Will Kejriwal come to Punjab as a chief minister and solve its problems now that he is increasingly transferring responsibilities to his lieutenants like Manish Sisodia? “That is not the case. Mr Kejriwal told us that the people of Delhi have chosen him for five years and that he is committed to working in Delhi. But you can be sure that the same ideology that is working on in Delhi will also be brought to Punjab,” Shergill says.

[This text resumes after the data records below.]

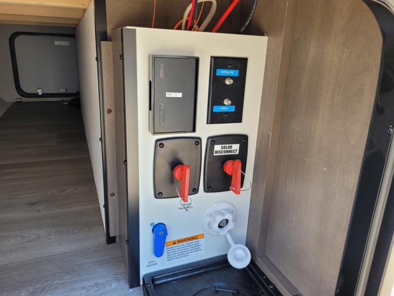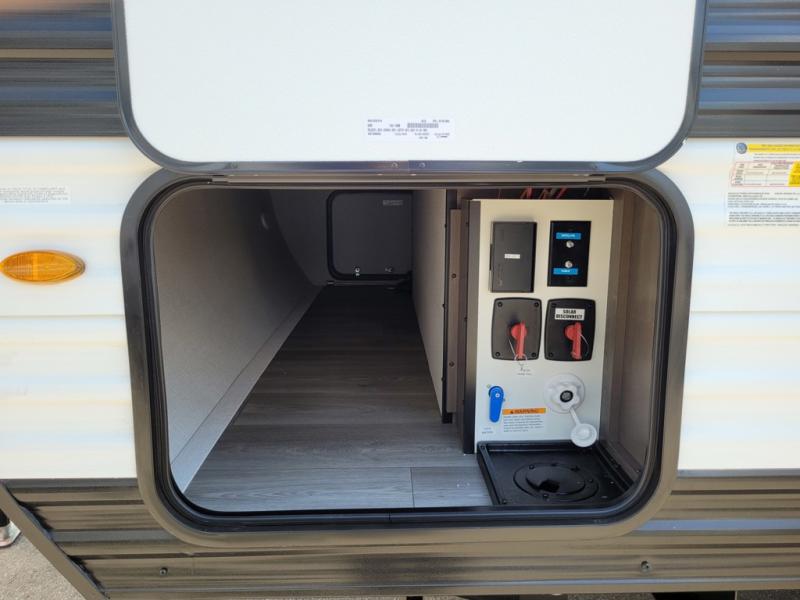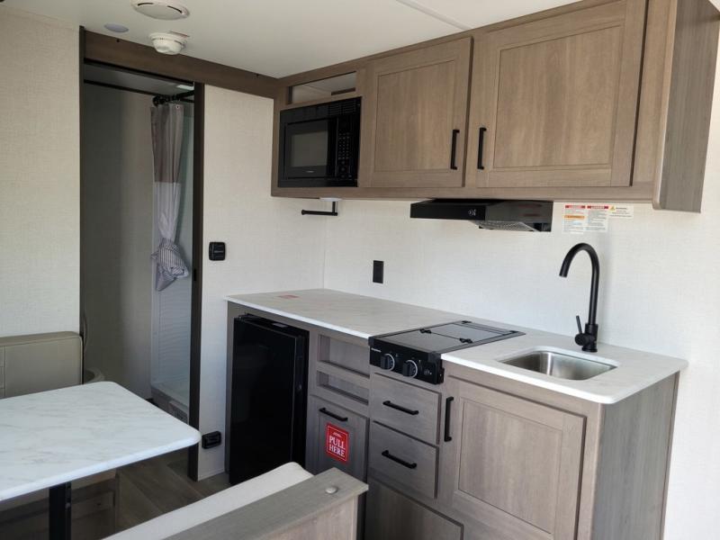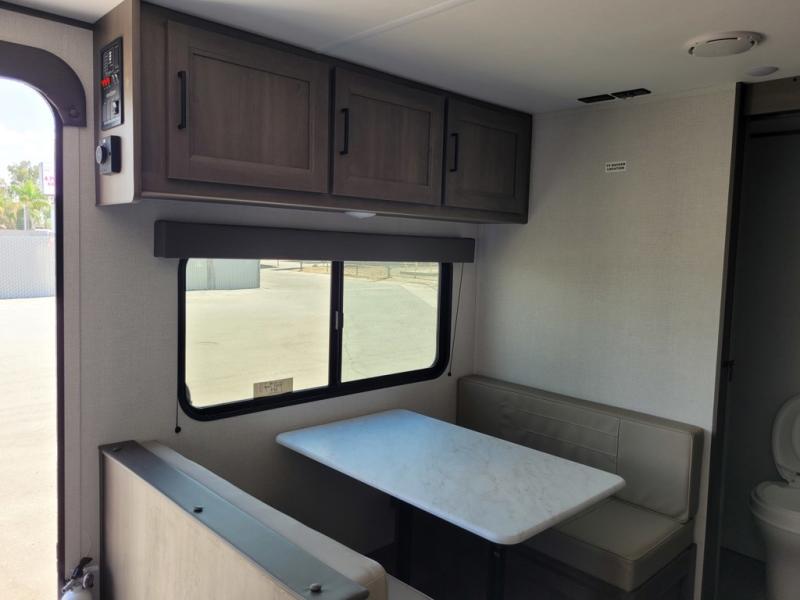 This is the perfect couple's trailer with versatile seating and sleeping space! You'll find a queen-size Murphy bed up front with storage space beside and above plus a full rear bath for added privacy. Once you've made lunch in the full kitchen, you can dine at the booth dinette, or take your plate outdoors to sit under the 10' power awning. You'll also find an unobstructed pass-thru storage outside that will be perfect for fishing poles, lawn chairs, tools and more!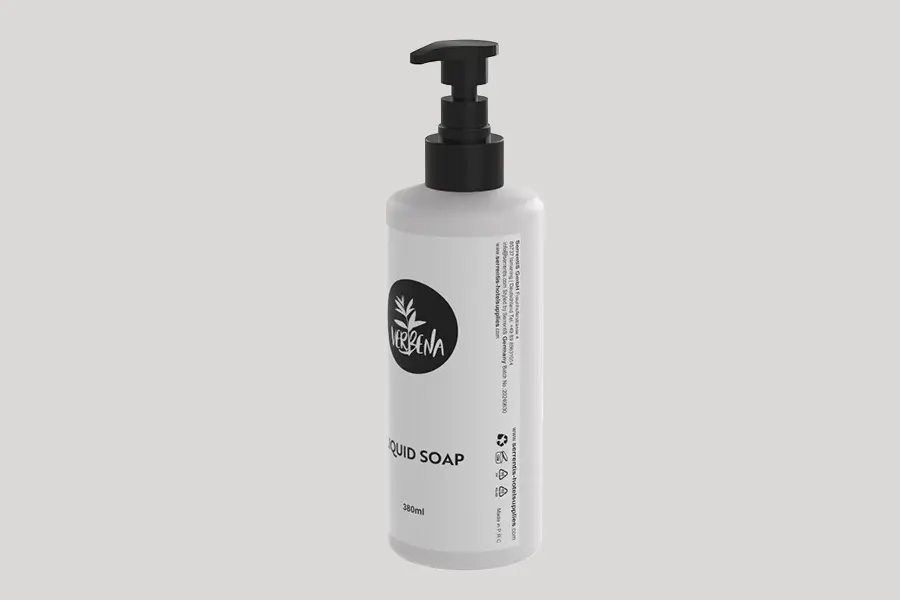 VERBENA MAGIC BOTTLE - sapone liquido 380ml, tappo con pompa "Magic Bottle". La nostra linea di cosmetici per hotel Verbena rigenera il corpo e lo spirito grazie all’essenza rinfrescante di verbena. Il design sobrio ed elegante della linea Verbena si adatta ad ogni ambiente.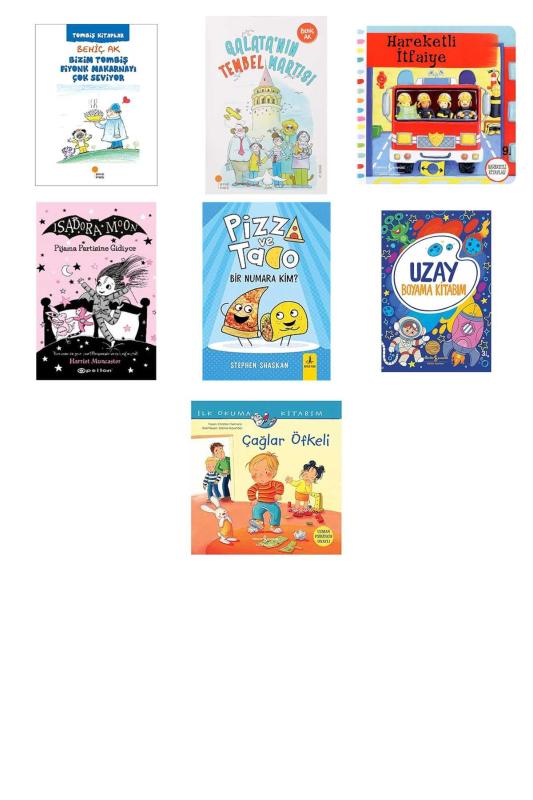 Bizim Tombiş Fiyonk Makarnayı Çok Seviyor: Tombiş Kitaplar Dizisi: 3 - Galata'nın Tembel Martısı: 2, 3, 4. Sınıflar - Hareketli İtfaiye - Isadora Moon 10 - Pijama Partisine Gidiyor - Pizza ve Tako - Bir Numara Kim? - Uzay - Boyama Kitabım - Çağlar Öfkeli - İlk Okuma Kitabım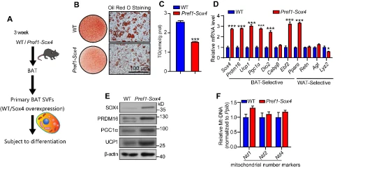 (A-C)从WT小鼠和Pref1-Sox4过表达小鼠(雄鼠,3周龄)的棕色脂肪组织中分离BAT SVF细胞直接进行体外诱导实验,实验设计方案如图A所示。在诱导后的第7天,进行油红染色实验(B)和TG含量测定实验(C),标尺长度为100 μm。(D) 在诱导后的第7天,RT-PCR检测Ucp1、Pgc1α、Prdm16和Dio2等产热基因的mRNA水平以及白色选择性基因的mRNA水平。(E)两组细胞产热相关蛋白的表达水平。(F)提取两组细胞的DNA,RT-PCR检测线粒体数量相关基因(Nd1、Nd2和Nd4)的表达。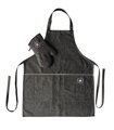 Táto sada je určená pre každého milovníka grilovania! Je vyrobená z čierneho denimového materiálu, ktorý pri grile krásne vynikne. Zástera má univerzálny rozmer a jej dĺžku možno nastviť pomocou karabínky. Dve priestrané vrecká sú určené pre grilovacie pomôcky či koreniny. Punc zástere dodávajú dve výšivky s motívom grilovania. Vďaka možnosti výšivky mena sa výborne hodí ako darček pre každého milovníka grilovania!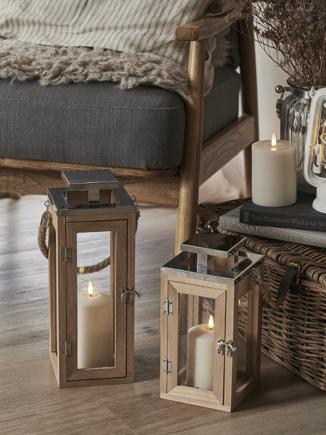 - Small Salcombe wooden lantern with TruGlow candle, £29.99 from Lights4fun – buy here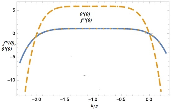 The combined graph of -curves f”(0) θ’(0), Pr = 10, Br = 0.8, Nr = 0.8, Du = 0.8, Sc = 0.4, ε = 0.8, Sr = 0.4, λ = 0.8, Λ = 1, β = 1, S = 0.3.
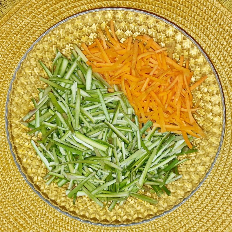 Für die Spargelrolle den Spargel und die Karotte in Stifte schneiden, in einer Pfanne Butterschmalz erhitzen und Spargel und Karottenstifte kurz anbraten. Zum Abkühlen zur Seite stellen.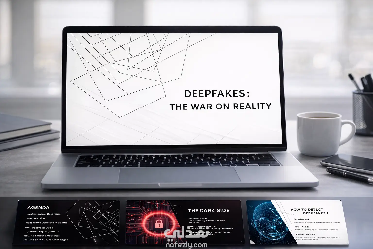 تصميم عرض تقديمي متكامل يتناول موضوع التزييف العميق (Deepfakes) من منظور تقني وأمني. ركزت في هذا المشروع على: بناء تسلسل منطقي للمعلومات (Agenda, Case Studies, Prevention). استخدام هوية بصرية "تقنية" (Dark Theme) تعكس جدية الموضوع. تنسيق البيانات المعقدة في نقاط واضحة سهلة القراءة. دمج العناصر البصرية والأيقونات لتعزيز الرسالة وتجنب الحشو البصري.

Once again, as in Delhi, so too in Patiala and Chandigarh. Rooting out corruption is held as the party’s panacea for all problems that plague Punjab. “It is a vicious cycle. Once we have an honest government, then things will begin to fall in place… some kind of revolution has to come in India,” adds Shergill.

It is a strange situation that Punjab finds itself in. The state was one of India’s early developmental successes after Independence. It is also probably the first rich state in the country that, instead of getting richer, is becoming poorer by the day, notwithstanding its magnificent monuments and highly successful urban class. Due to a series of complex reasons—and mistakes—Punjab finds itself in an economic cul de sac: too dependent on agriculture and unable to diversify its cropping pattern, it also lacks a political leadership that will think for the state and not the success of a particular political party. The SAD is now so adept at getting the most political mileage through bang-for-the-buck construction and patronage programmes that it has forgotten the distinction between what is good for Punjab and what is good for it. The Congress is yet to outline a new programme (or any, for that matter), and the AAP has leaders who are confident about ‘doing a Delhi’ in Chandigarh but not so sure about what the state needs. It is in this vortex that Punjab lurches forward to elections in 2017.